Andoni Ugarte

Personal information
- Full name: Andoni Ugarte Mendizabal
- Date of birth: 5 April 1995 (age 31)
- Place of birth: Oñati, Spain
- Height: 1.91 m (6 ft 3 in)
- Position: Centre back

Team information
- Current team: UD Logroñés
- Number: 6

Youth career
- Real Sociedad

Senior career*
- Years: Team / Apps / (Gls)
- 2014–2018: Real Sociedad B / 111 / (3)
- 2018–2021: Oviedo B / 82 / (7)
- 2021–22: Calahorra / 20 / (0)
- 2022–2023: Sestao River / 30 / (2)
- 2023–: UD Logroñés / 47 / (2)

= Andoni Ugarte =

Spanish footballer (born 1995)

Andoni Ugarte Mendizabal (born 5 April 1995) is a Spanish footballer who plays as a central defender for UD Logroñés.

==Club career==
Ugarte was born in Oñati, Gipuzkoa, Basque Country. A Real Sociedad youth graduate, he made his senior debut with the reserves on 5 January 2014, starting in a 0–3 Segunda División B away loss against CD Tudelano.

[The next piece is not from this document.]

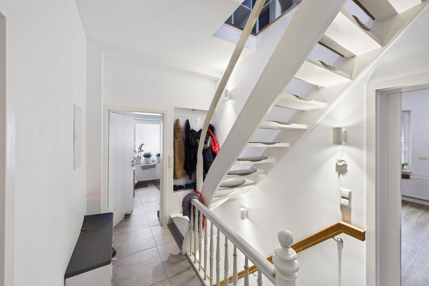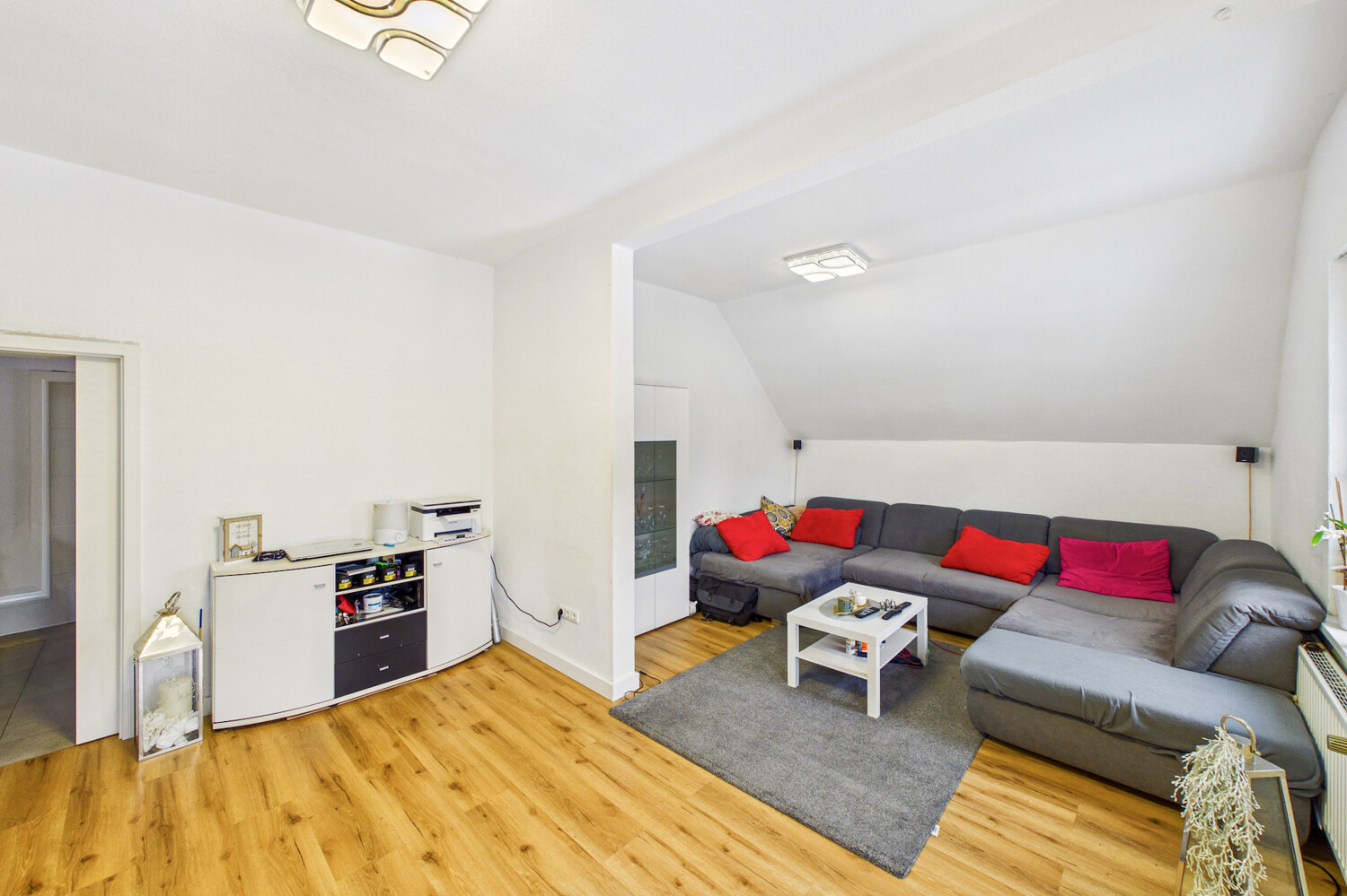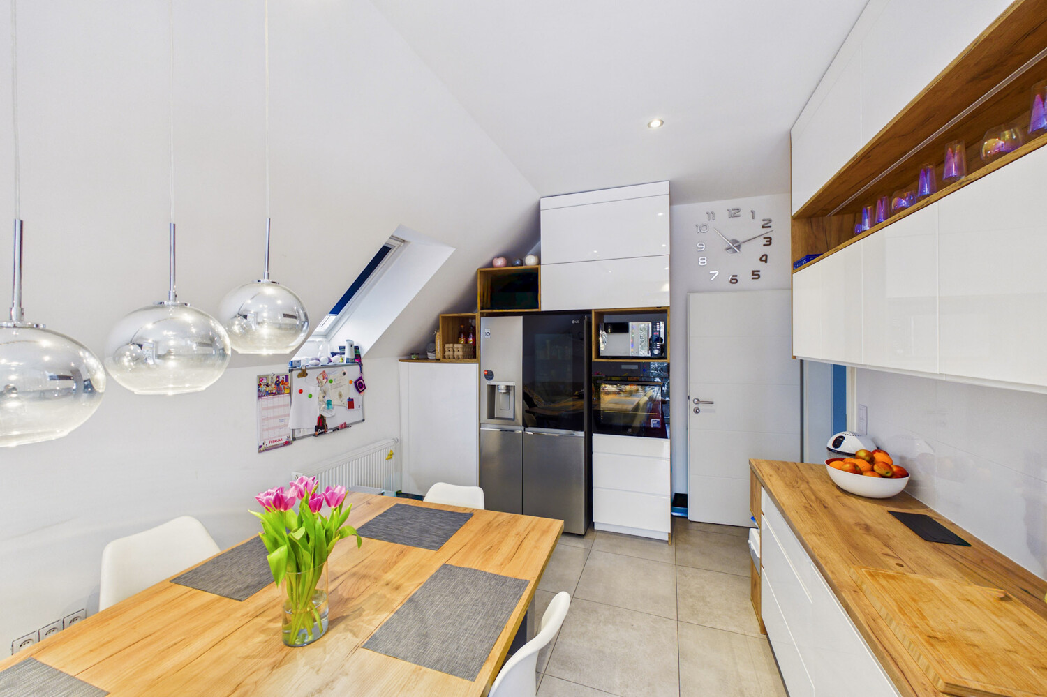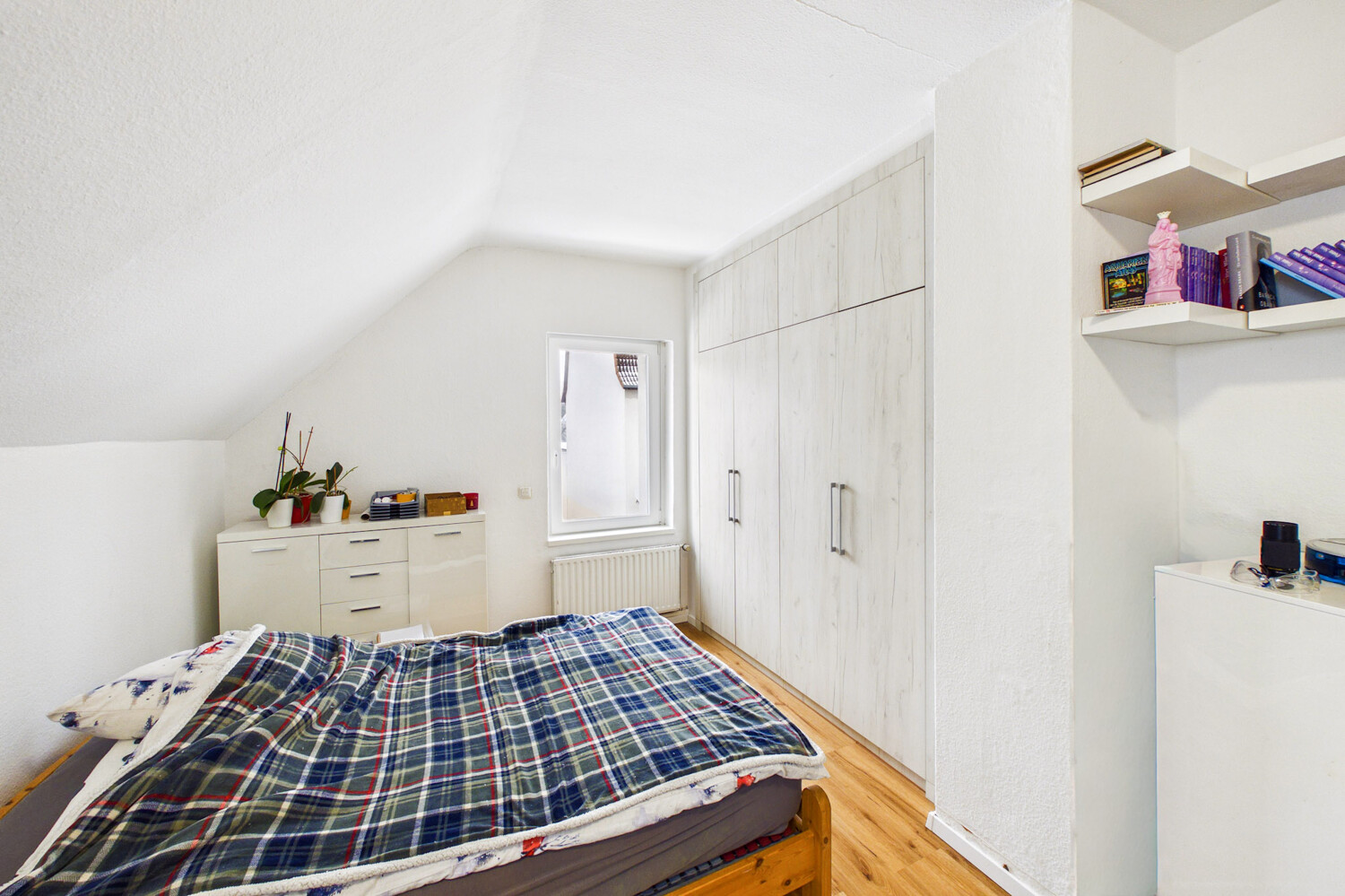 Im Zuge des Dachgeschossausbaus wurden die ursprünglichen Holzbalken freigelegt, die dem Raum ein besonderes, wohnliches Ambiente verleihen und den historischen Charakter des Hauses auf moderne Weise sichtbar machen. Diese Kombination aus historischer Substanz und zeitgemäßer Wohnästhetik verleiht der Immobilie ihren unverwechselbaren Charme.

Ugarte was definitely promoted to the B-team on 11 July 2014, and scored his first senior goal on 15 November, in a 3–2 away defeat of SD Amorebieta. On 26 June 2018, after being released by the Txuri-urdin, he moved to another reserve team, Real Oviedo Vetusta also in the third division.

On 11 June 2019, Ugarte was one of seven players from the B-side who were promoted to Real Oviedo's first team for the 2019–20 Segunda División campaign.

On 11 June 2020, he joined to Primera División RFEF club Calahorra.